[sc34wg3] CTM semicolons etc
tom lurge
thomas at stray.net
Fri Feb 1 08:34:43 EST 2008
hi,
i followed some of the debate about semicolons etc lately but not all
of it, so please forgive me if is state the already obvious...
the languages i know quite well are html, xml, css, vrml and some
javascript. especially css and vrml work with "{ ... }" and ";". as
you can see from the languages i know i'm not a programmer but rather
a web designer (and wanna be knowledge worker).
if i want code to be readable (for me or for someone else) i use
indentation
line breaks
tabs
blanks
sometimes comments
especially identation is a very powerfull way to structure code
visually. line breaks are even more powerfull - you barely have to
think about there meaning. compare that with a semicolon...
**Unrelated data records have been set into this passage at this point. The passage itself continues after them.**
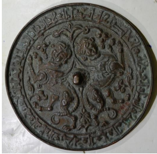
لوحة (١) ظهر مرآة من البرونز، إيران القرن (١٢ هـ / ١٢ م)، متحف الفن الإسلامي بالقاهرة، برقم سجل ٣٩١٥، تنشر لأول مرة.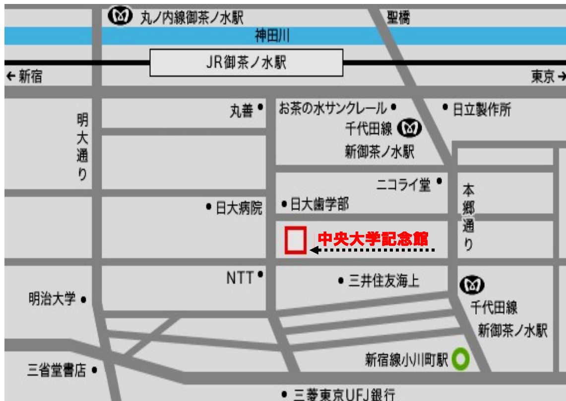
※1 中央大学駿河台記念館 (東京都千代田区神田駿河台 3-11-5 (TEL: 03-3292-3111))

※3→ ちよだプラットフォームスクエア本館 = 東京都千代田区神田錦町 3 - 21 (TEL: 03-3233-1511)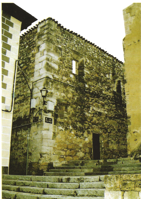
Oratorio San Felipe Neri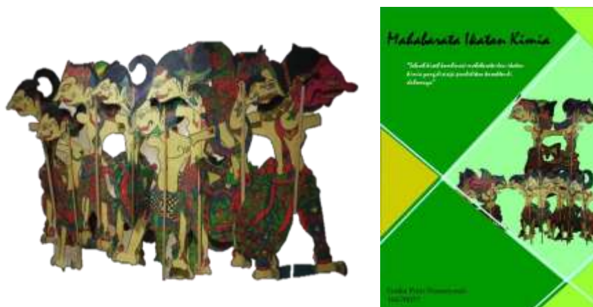
Gambar 1. Desain WATAK dan naskah mahabarata ikatan kimia

Media ini WATAK ini terdiri dari wayang kertas kimia, kartu ikatan kimia, lembar informasi WATAK, kelir, dan kotak KIT. Wayang kertas kimia (WATAK) berukuran 25 x 10 cm, dengan tokoh-tokoh yang terdiri dari Widura, Pandawa lima (Yudhistira, Bima, Arjuna, Nakula dan Sadewa), Drupadi, Sengkuni dan Duryudana. Tokoh wayang kertas kimia dibuat peyangga agar dapat dimainkan seperti wayang pada aslinya. Naskah mahabarata ikatan kimia yang disajikan dalam dialog pewayangan yang telah dikombinasikan dengan materi ikatan kimia, mahabarata dan pendidikan karakter didalamnya serta visual dari kartu ikatan kimia. Desain WATAK dan naskah mahabarata ikatan kimia dapat dilihat pada Gambar 1.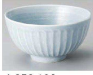
ヤ350-189 灰マットブルー削茶碗 (大) φ12.5×6.5cm (陶) JPN 1,100円

there's an exemption from the rule, of course: when i code something
that i know i don't have to touch later or that i want to get out of
my way visually, i put multiple attribute-value-pairs in one row and
am glad that semicolons allow me to do so. but if i understood lars
marius right the parser even then wouldn't need semicolons. i wouldn't
need them either since one or two more blanks would help me more to
quickly distinguish one name-value-pair from the other.
i would never use commas or semicolons to make my code more readable.
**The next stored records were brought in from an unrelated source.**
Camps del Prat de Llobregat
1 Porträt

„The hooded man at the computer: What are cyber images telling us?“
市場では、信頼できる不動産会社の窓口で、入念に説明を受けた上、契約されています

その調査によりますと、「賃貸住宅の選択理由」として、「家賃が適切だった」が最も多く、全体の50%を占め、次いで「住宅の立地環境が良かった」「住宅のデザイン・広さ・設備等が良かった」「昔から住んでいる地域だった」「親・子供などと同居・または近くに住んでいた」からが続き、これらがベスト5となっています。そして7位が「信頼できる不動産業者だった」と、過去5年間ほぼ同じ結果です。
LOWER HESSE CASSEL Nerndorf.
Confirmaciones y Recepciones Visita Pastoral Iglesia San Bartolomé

in my eyes they just add visual clutter. i only regard them as a
necessary to make the parsers know what i want to express. if that's
wrong and even parsers don't need that stuff than i would happily omit
them alltogether. forgotten semicolons eg in javascript cost me years
of my life... they are hard to spot (not only) for the novice user if
no debugger is at hand. extra punctuation requires extra typing which
i wouldn't regard as very user friendly. so i'd say: if they are not
required for parsing - throw them out!
i would also not like if the outcome of this debate is that certain
punctuation is "optional". that makes exchange unnecessarily difficult
(yeah, i know, xtm is the exchange format, but frankly: who is so sure
about the great future of excessive use of '<' and '>' anymore?). i
could live with either option, but omitting semicolons and the like
wherever possible certainly would make my non-programmers life easier.